▶ _EXERCISE OBJECTIVE_:
Word for word, restate the lines of the listing below from the line with "2015年第二季度,全球焦炭" through the line with "PAIR Very old", and do not include the pictures.

═════ DATASET EXTRACT

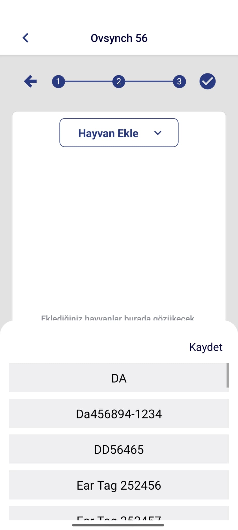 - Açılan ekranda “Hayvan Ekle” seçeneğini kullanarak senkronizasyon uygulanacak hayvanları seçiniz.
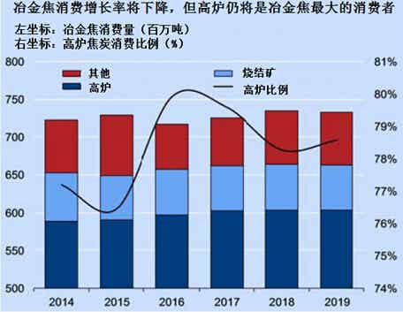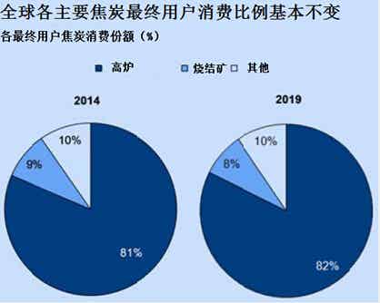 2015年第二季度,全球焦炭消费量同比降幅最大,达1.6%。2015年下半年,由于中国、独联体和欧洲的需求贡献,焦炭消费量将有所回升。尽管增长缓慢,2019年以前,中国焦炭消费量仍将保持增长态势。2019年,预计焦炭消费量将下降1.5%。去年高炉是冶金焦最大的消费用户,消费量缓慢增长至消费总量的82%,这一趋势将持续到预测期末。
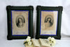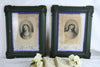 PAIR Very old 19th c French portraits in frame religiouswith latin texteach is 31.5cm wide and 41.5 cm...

══════════
═════ DATASET EXTRACT

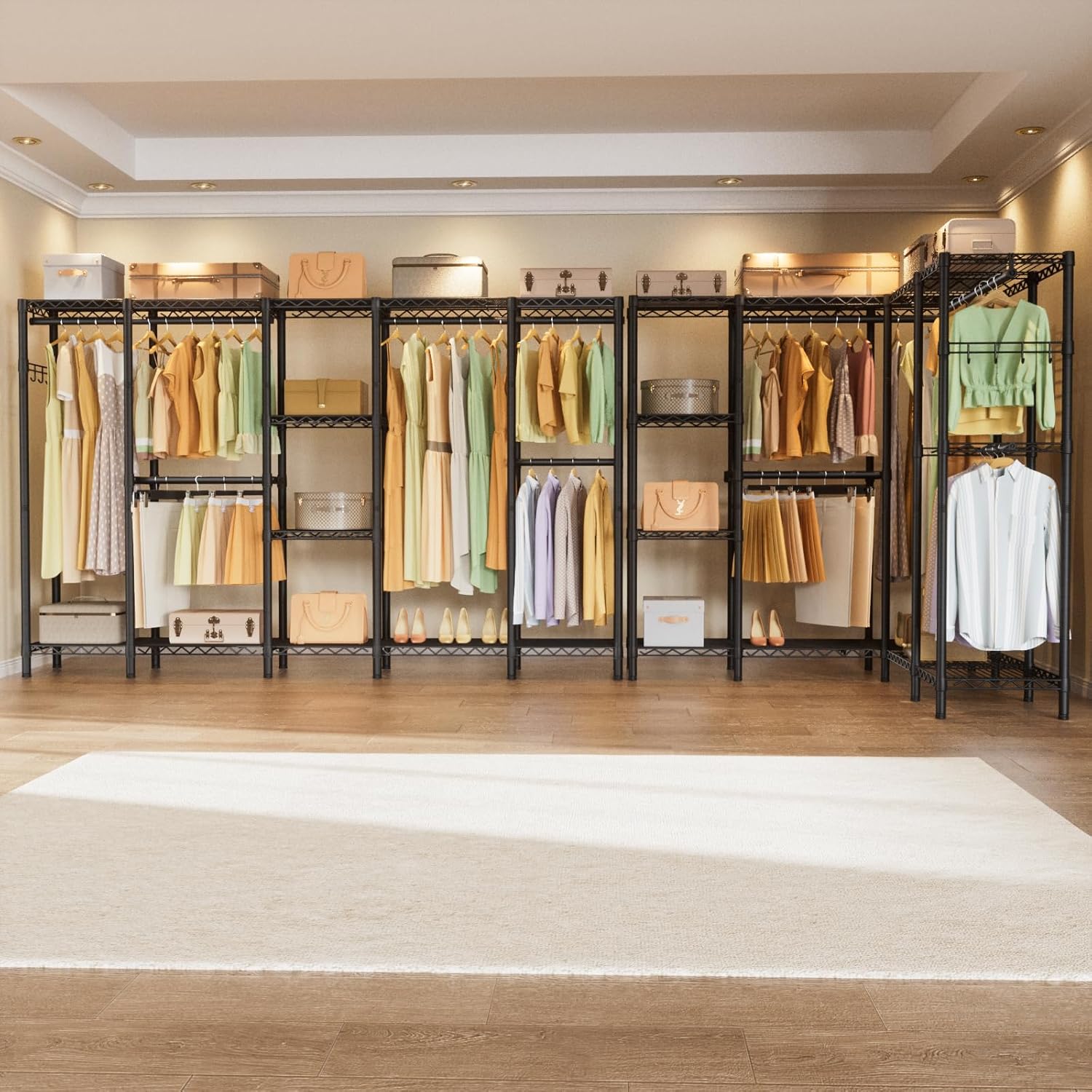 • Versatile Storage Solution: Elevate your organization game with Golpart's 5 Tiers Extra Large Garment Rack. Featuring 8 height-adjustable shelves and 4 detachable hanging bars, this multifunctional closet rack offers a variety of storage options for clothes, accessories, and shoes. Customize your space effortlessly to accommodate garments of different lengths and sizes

══════════
═════ DATASET EXTRACT

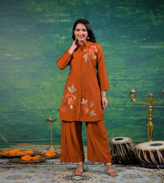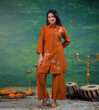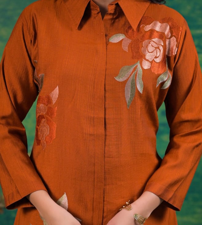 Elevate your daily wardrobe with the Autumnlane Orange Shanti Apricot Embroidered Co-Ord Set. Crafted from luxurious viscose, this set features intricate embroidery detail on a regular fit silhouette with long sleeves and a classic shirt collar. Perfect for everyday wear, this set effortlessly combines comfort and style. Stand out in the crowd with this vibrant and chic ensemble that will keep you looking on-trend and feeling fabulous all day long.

══════════

▶ _WRITTEN REPLY_:
 2015年第二季度,全球焦炭消费量同比降幅最大,达1.6%。2015年下半年,由于中国、独联体和欧洲的需求贡献,焦炭消费量将有所回升。尽管增长缓慢,2019年以前,中国焦炭消费量仍将保持增长态势。2019年,预计焦炭消费量将下降1.5%。去年高炉是冶金焦最大的消费用户,消费量缓慢增长至消费总量的82%,这一趋势将持续到预测期末。
 PAIR Very old 19th c French portraits in frame religiouswith latin texteach is 31.5cm wide and 41.5 cm...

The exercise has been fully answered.